Export finance
Definition
What is Export Finance?
To understand what export financing means, let's start with the definition given here: "an export financing consists in funding a medium to long term credit for an infrastructure project abroad typically led by a national exporter.". Let’s take the example of financing a project designed to put in service of new water pipes in a developing country to prevent various diseases, for an amount of USD 50 million over 12 years.
Who is involved in Export Financing?
The different actors involved in export financing are the following:
- Large international banks set up the financing;
- Exporters execute the project on site;
- Export credit agencies, such as BPI France Assurance Export, mitigate country risks (war, revolution, etc.) as well as counterparty risks (payment default) for large international banks;
- Borrowers who are often public entities (e.g. Ministry of Health in the case of the installation of new water pipes).
What are the types of export financing solutions?

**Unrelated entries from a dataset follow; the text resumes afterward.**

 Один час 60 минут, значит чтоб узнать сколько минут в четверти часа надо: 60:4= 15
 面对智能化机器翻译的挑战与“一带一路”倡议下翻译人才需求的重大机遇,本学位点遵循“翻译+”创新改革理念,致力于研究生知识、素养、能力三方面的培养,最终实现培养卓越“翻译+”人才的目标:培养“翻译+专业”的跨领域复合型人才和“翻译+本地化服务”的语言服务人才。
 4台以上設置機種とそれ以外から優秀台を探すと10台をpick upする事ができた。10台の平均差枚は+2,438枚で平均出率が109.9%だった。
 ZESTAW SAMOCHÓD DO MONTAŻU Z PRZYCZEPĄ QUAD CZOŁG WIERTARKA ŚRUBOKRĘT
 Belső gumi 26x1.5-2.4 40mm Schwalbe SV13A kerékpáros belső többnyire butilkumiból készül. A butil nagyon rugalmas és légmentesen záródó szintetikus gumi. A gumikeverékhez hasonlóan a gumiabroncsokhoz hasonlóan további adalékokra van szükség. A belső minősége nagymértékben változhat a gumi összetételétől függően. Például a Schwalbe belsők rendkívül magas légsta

Two financing solutions are essentially proposed:
- Buyer's credit will finance the exported part (as opposed to the local part) related to the export of original capital goods. It is guaranteed by the export credit agency in the event of default by the borrower with political and/or commercial risk coverage of 95 to 100% of the credit amount, usually under a duration of 12 years.

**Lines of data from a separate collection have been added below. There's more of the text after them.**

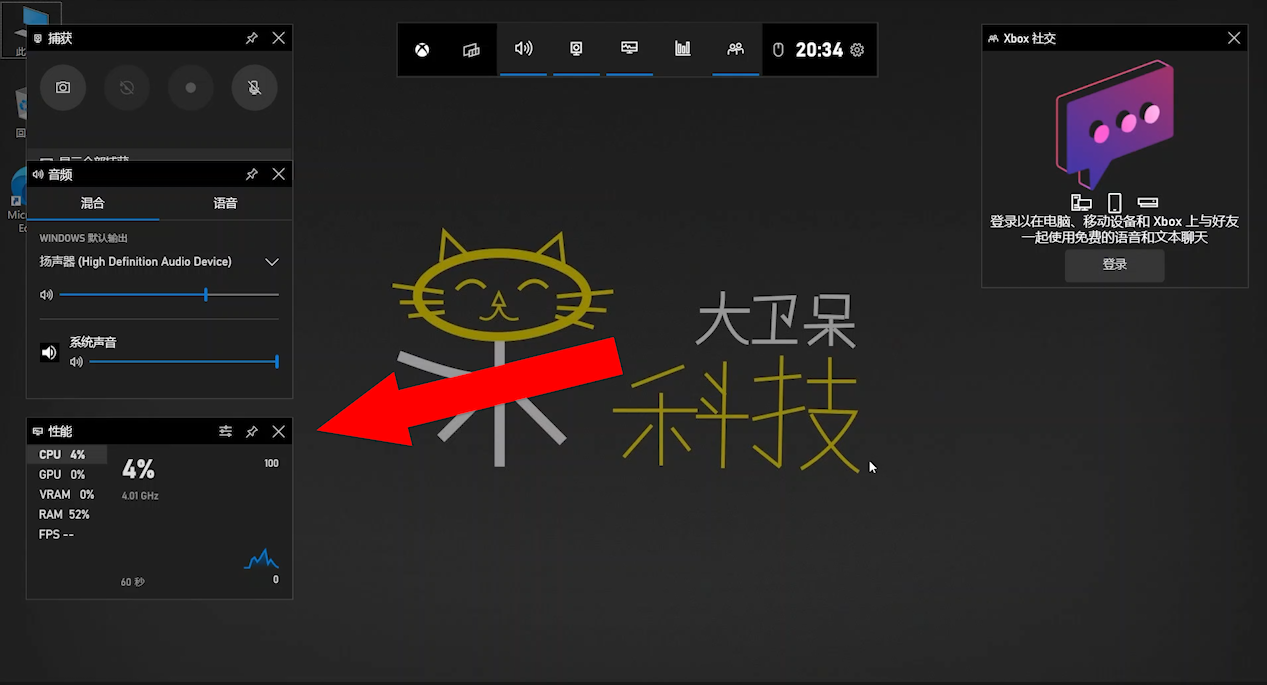 这个功能要想使用非常简单!按一下你键盘上的“Win+G”,看看出现了什么?
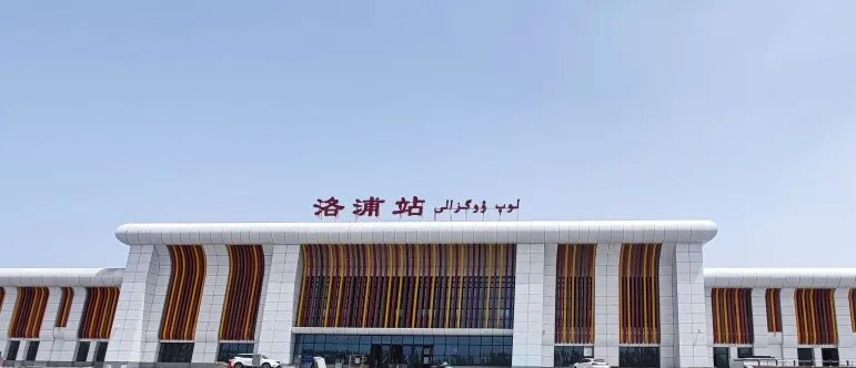 洛浦站以“艾德莱斯绸发源地”作为创作灵感,门窗处穿插了悬垂的“丝绸”,体现丝绸轻盈、多姿的特点,表现出车站的庄重大气。
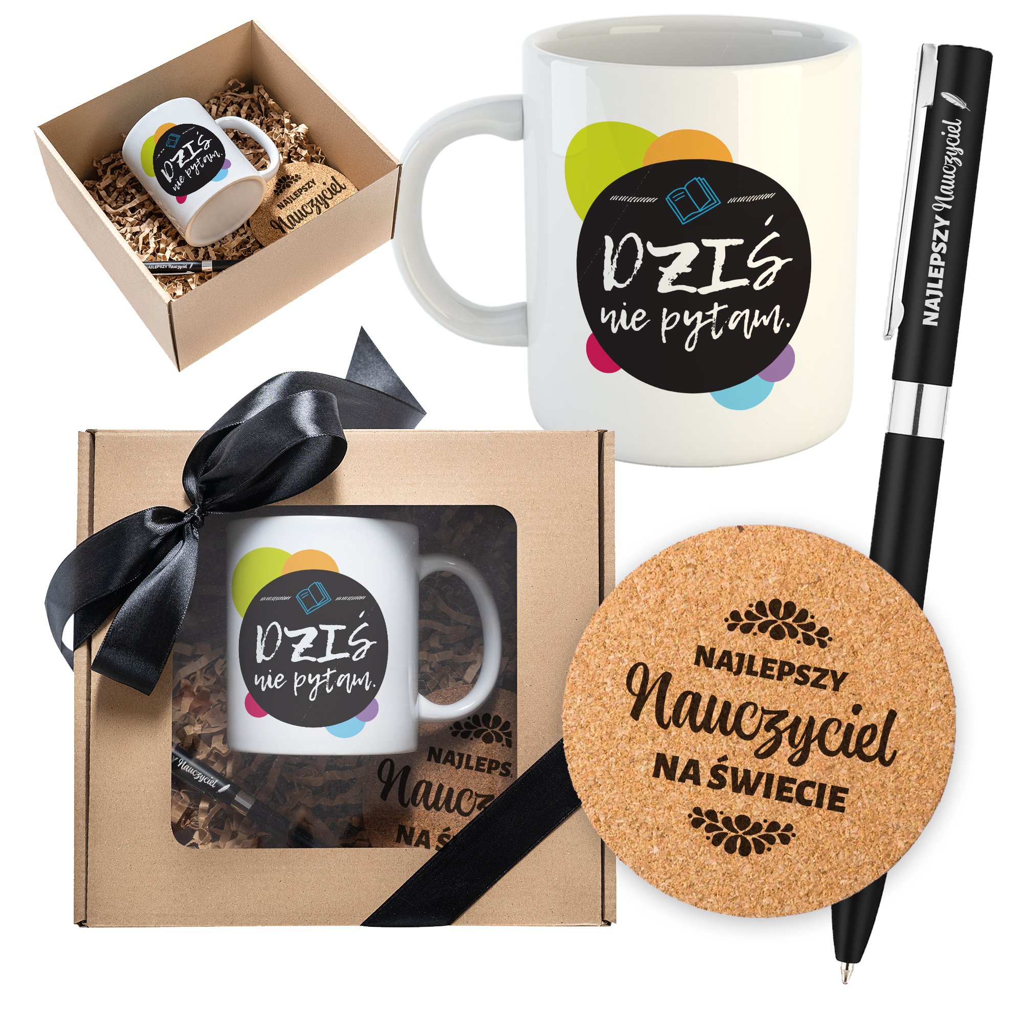 KUBEK Z NADRUKIEM I DŁUGOPIS Z GRAWEREM - Wyjątkowy zestaw prezentowy na Dzień Nauczyciela!
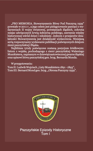 „PROMEMORIA. Stowarzyszenie Bitwy Pod Pszczyną 1939” powstało w 2011 r., a jego celem jest pielęgnowanie pamięci o wydarzeniach I wojny światowej, powstaniach śląskich, ochrona miejsc uświęconych krwią żołnierza polskiego, szerzenie wiedzy historycznej wśród dzieci i młodzieży. Jednym z przejawów działalności Stowarzyszenia jest działalność wydawnicza. Niniejszą serią rozpoczynamy wydawanie publikacji poświęconych dziejom ziemi pszczyńskiej i Śląska. Najbliższe tytuły poświęcone zostaną pozycjom źródłowym: listom z wojska, pochodzącego z ziemi pszczyńskiej Walentego Muszkietera, napisanym w dziewiętnastowiecznej gwarze śląskiej oraz opisowi bitwy pszczyńskiej gen. bryg. Bernarda Monda.
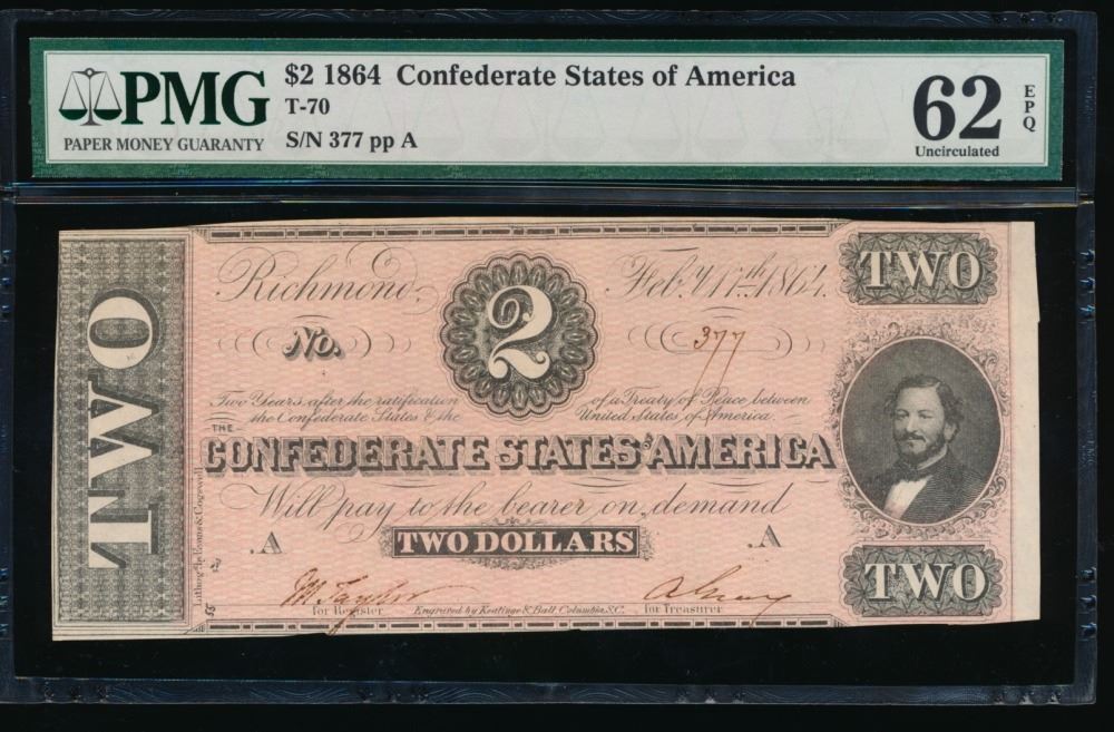 One 1864 $2 T-70 Confederate PMG 62EPQ.

- the related financial credit will finance the local part (carried out by a workforce residing on the spot) that cannot be covered by the buyer’s credit. It is not provided by an export credit agency. Indeed, as a relay of the State, the export credit agency intervenes to allow national companies to win new markets, synonymous with jobs in the exporter's country. It therefore usually has a duration of maximum 7 years in principle lower than that of the buyer’s credit.